En effet, conformément à ce que prévoit la loi (notamment la loi du 4 mars 2002 relative aux droits des malades) et à ce qu’affichent les ambitions (cf. la stratégie nationale de santé défendue par le gouvernement actuel, qui veut faire de la démocratie sanitaire un axe majeur de sa politique), les patients experts devraient voir leur influence sur les décisions de santé publique augmenter. On a récemment vu apparaitre de nouvelles formations diplômantes, comme celle d’éducation thérapeutique créée en 2010 à l’Université Pierre et Marie Curie (UPMC), valorisant encore leur expérience.

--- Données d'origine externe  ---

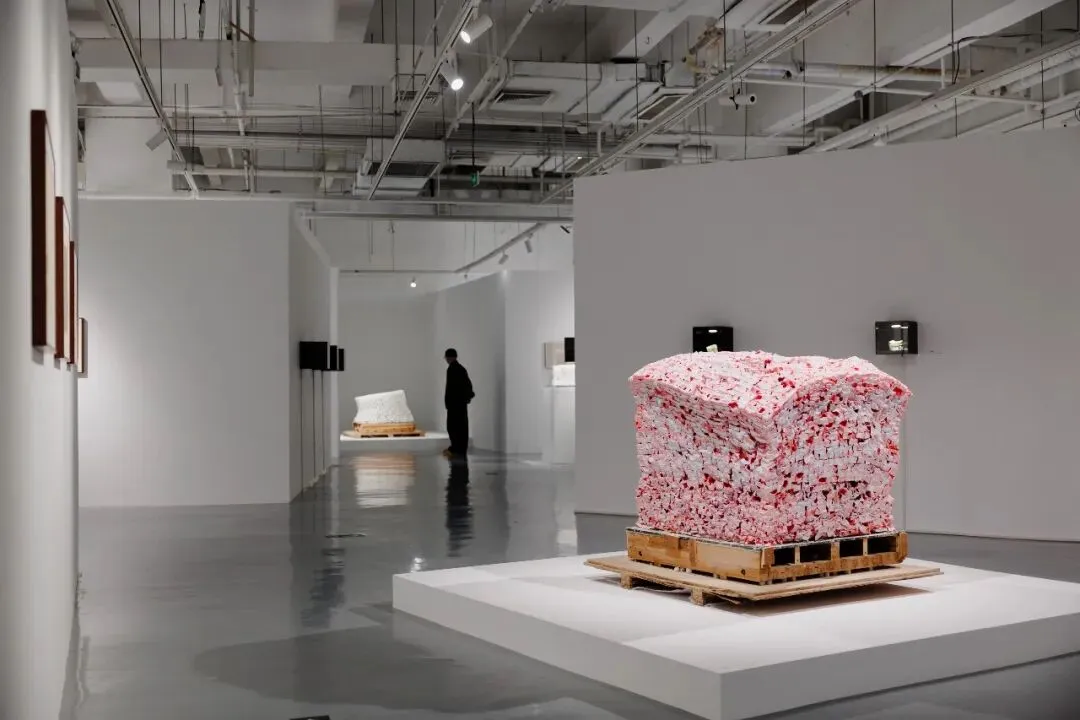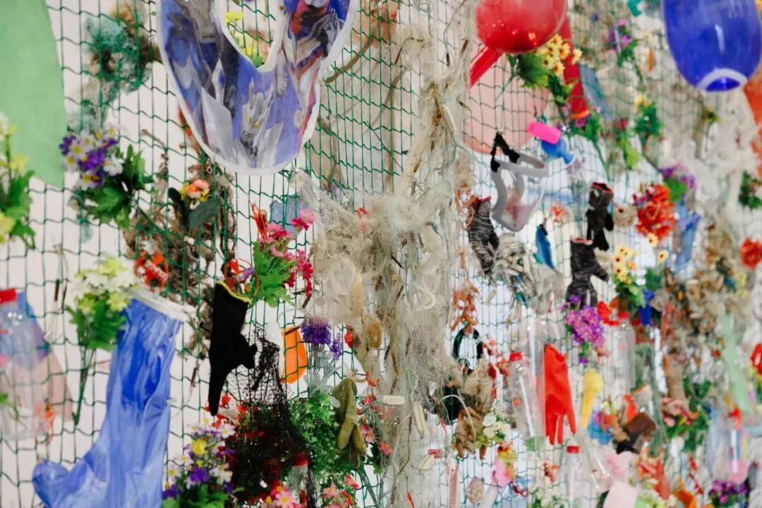 那些由塑料瓶碎片拼装而成的球体,那些缠绕着渔网的光头形象,延续了艺术家标志性的视觉符号,同时将早期对个体生存困境的凝视,放大为对人类整体文明状态与自然关系的寓言式诘问 。

Est-ce à dire qu’un statut juridique de patient expert est d’ores et déjà gravé dans le marbre ? Selon Olivia GROSS-KHALIF, chercheuse à l’Université Paris 13-Bobigny, les conditions d’émergence d’une professionnalisation ne sont pas loin d’être réunies : des savoir-faire propres existent et témoignent d’une vraie valeur ajoutée, de nombreux patients experts sont animés par une éthique d’utilité sociale, et font preuve d’une autonomie croissante. Pour ce qui est de la rémunération, elle pourrait s’inspirer du modèle des pompiers. D’ailleurs, des expérimentations existent déjà : c’est le cas par exemple à l’hôpital de Saint Maurice dans le Val de Marne, qui a recruté et formé deux patients (ayant déjà fait leurs « classes » à l’Université Paris 6) qui bénéficiaient d’un contrat et donc d’une rémunération : « ce patient expert, appelé « médiateur patient » est membre de l’équipe soignante, il participe et anime avec les soignants des ateliers d’éducation thérapeutique. C’est donc un professionnel à part entière, » peut-on lire dans un dossier de recherche réalisé en 2013 à l’EHESP (Ecole des Hautes Etudes en Santé Publique). On peut ainsi imaginer que dans un futur proche, les patients experts interviendront davantage dans l’élaboration des programmes de formation initiale ou continue à destination des (futurs) professionnels de santé.
Des obstacles à lever
Cela dit, certains facteurs font encore obstacle à cette marche vers la professionnalisation, en premier lieu desquels la question de son utilité économique et sociale : pour Hubert JOSEPH-ANTOINE, « le système de santé doit avant tout pouvoir prouver, au niveau économique, qu’il y a de vrais gains à tirer de l’expertise du patient. » De même, pour Nicolas PEJU, il faut développer une vision des coûts qui pourraient faire l’objet d’une économie : « l’enjeu est de réviser le système sans augmenter le coût. Concrètement, il faut identifier et démontrer l’existence de poches où des économies peuvent être faites, et
comment des investissements se traduiraient en économies sur des coûts évitables. Car il y a sans doute des économies à réaliser, notamment sur les coûts liés à la non-observance des traitements, qui concerne la moitié des personnes atteintes de maladies chroniques ! »
A cela vient s’ajouter le flou qui continue d’entourer le champ de compétence et d’intervention des patients experts, leur définition étant toujours en gestation : « Nous pouvons évoquer des freins tels que l’incrédulité quant à l’intérêt d’impliquer des patients, le besoin d’être rassuré sur le fait que les patients ne vont pas empiéter sur les prérogatives des équipes soignantes, et sur le fait que les patients soient bien formés pour ne pas transmettre des informations erronées concernant les traitements notamment, » note Sonia Chirol, Directrice de l’ANDAR (Association nationale de défense contre l’arthrite rhumatoïde).